• Records for this task
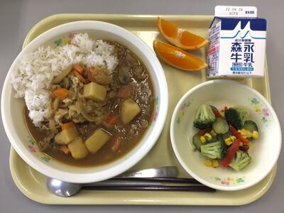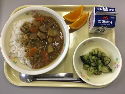 ポークカレー(麦ごはん),牛乳,ブロッコリーサラダ,清見オレンジ
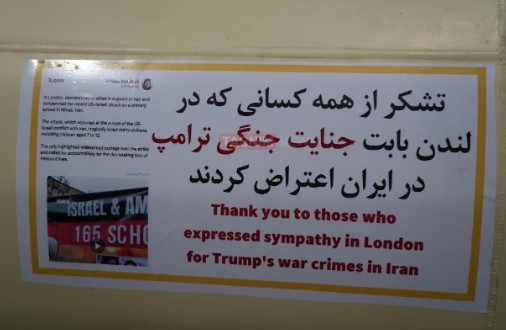 وأعرب ملصق آخر عن امتنان الإيرانيين للمشاركين في مظاهرة نظمت في لندن تعاطفا مع ضحايا جرائم الحرب الأمريكية الإسرائيلية على إيران.
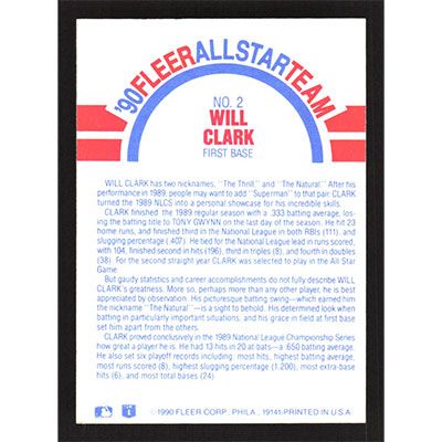 This is a 1990 Fleer All-Stars Will Clark baseball card. The card is #2 and pictures show condition.
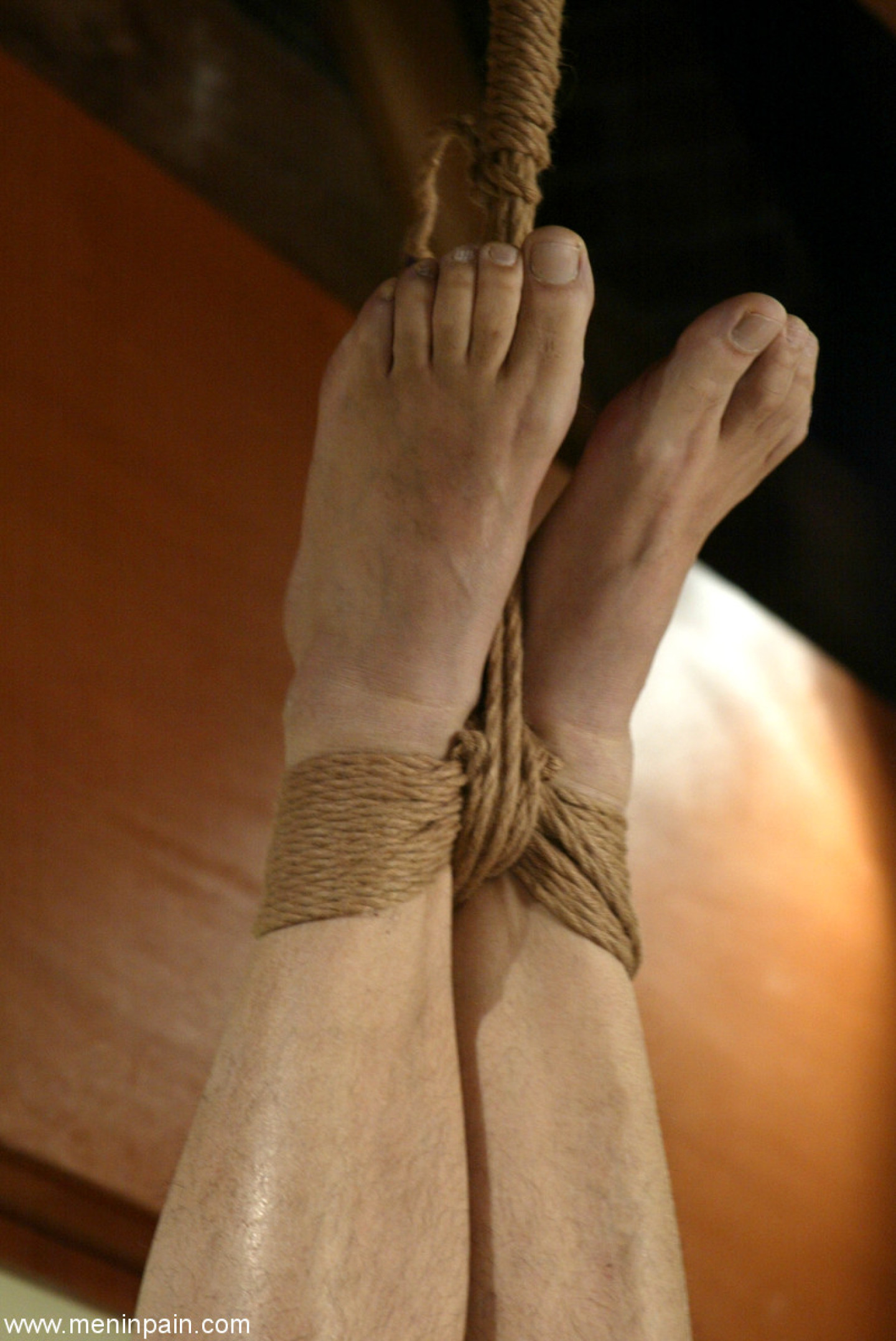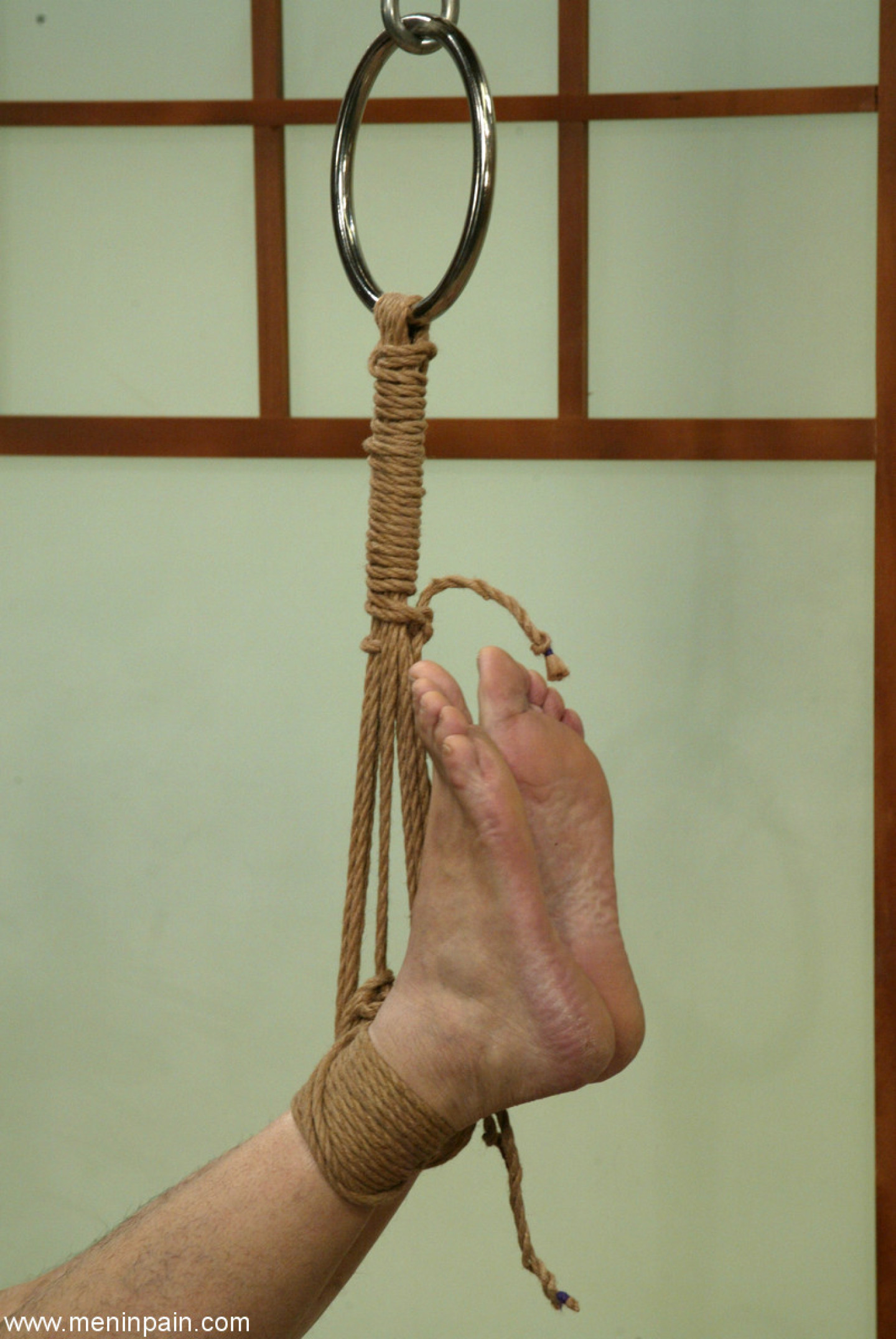Classy dominatrix Janay in suit & heels suspends naked male sub upside down
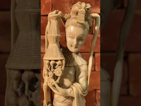 Escultura de marfim representando pescador e criança. Faltando um braço e alguns colados.

• Task prompt
Everything from the line with "وأعرب ملصق آخر" through the final line of the records above should be written out exactly, minus the pictures.

• Answer to this exercise
 وأعرب ملصق آخر عن امتنان الإيرانيين للمشاركين في مظاهرة نظمت في لندن تعاطفا مع ضحايا جرائم الحرب الأمريكية الإسرائيلية على إيران.
 This is a 1990 Fleer All-Stars Will Clark baseball card. The card is #2 and pictures show condition.
Classy dominatrix Janay in suit & heels suspends naked male sub upside down
 Escultura de marfim representando pescador e criança. Faltando um braço e alguns colados.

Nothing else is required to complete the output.